A caution before we begin – this is not for kids. AT ALL. This involves boiling water and screaming hot liquid wax, so make sure to do this when the little ones are not around.

The candle wick and wick tabs can be purchased at a craft store, or ordered from a gazillion different places online. I ordered 20 feet of wick years ago and I still have enough left to last me through a nuclear winter. Don’t skimp on the tabs, though.

You will need:
– Old candle stubs
– A metal coffee can
– 3 canning rings
– Candle wick
– Candle wick tabs
– A wooden skewer or pencil, something similar
– Clean glass jars

Fill up the coffee can with wax. If the wax is in large chunks, break it down into smaller pieces so it can melt faster.

Fill a large pot with a few inches of water. Place the canning rings into the bottom of the pot, place the pot on the stove. Place the coffee can on top of the rings, making sure to balance it evenly. The water should come up the sides of the can a few inches. Turn the heat on the stove to medium-high. When the water comes to a boil, knock it back to a good simmer. Let the wax do its thang.

Meanwhile, get the jars ready. Note: you do not have to buy jars for this – use old glass votive jars, old pickle jars, canning jars, whatever.

Measure out a length of wick for each jar, and then add a few inches to it. Stick one end of the wick through a wick tab, and crimp the tab closed.

To keep the wick standing upright inside the jar, tie it off to a wooden skewer or pencil.

And then you wait. The wax turns to liquid fairly quickly, but it takes awhile for the lumps to melt completely.

When the wax has melted completely (test this by stirring the wax with a wooden skewer) it’s time to add any fragrance or color. (I skip this step, because I don’t really give a fig about color and fragrance.

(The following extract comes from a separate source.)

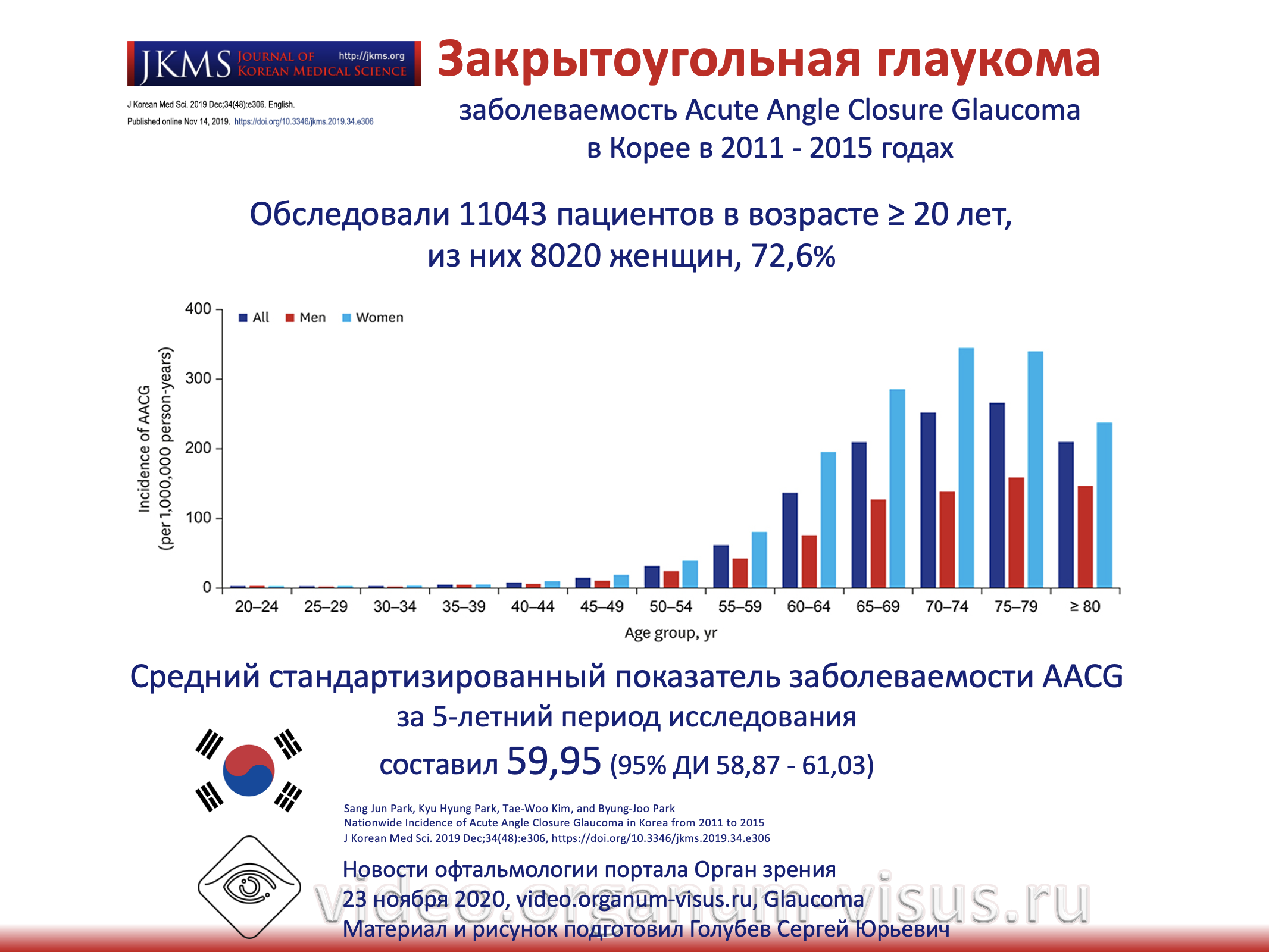 Авторы проанализировали данные 11043 пациентов с Acute Angle Closure Glaucoma, AACG, в возрасте ≥ 20 лет, из них 8020 женщин, 72,6%.

But that’s just me.)

Then, using thick pot holders or oven mitts to protect your hands, carefully lift the coffee can out of the water. Carefully fill the jars with wax.

Let the candles sit until the wax is solid. I usually just let them sit overnight. Then trim the wick down to 1/4 inch, and you’re all done!

If you truly want to feel Colonial, instead of pouring the wax into jars you can take a long piece of wick and repeatedly dip your wick into the melted wax, and eventually you’ll wind up with a taper candle. I remember doing that in 5th grade and it was a total pain in the ass.

And I really only put that thing about making tapers in there because I wanted to say ‘dip your wick’. My apologies. Deep down, I’m a 14 year old boy.

Over and out.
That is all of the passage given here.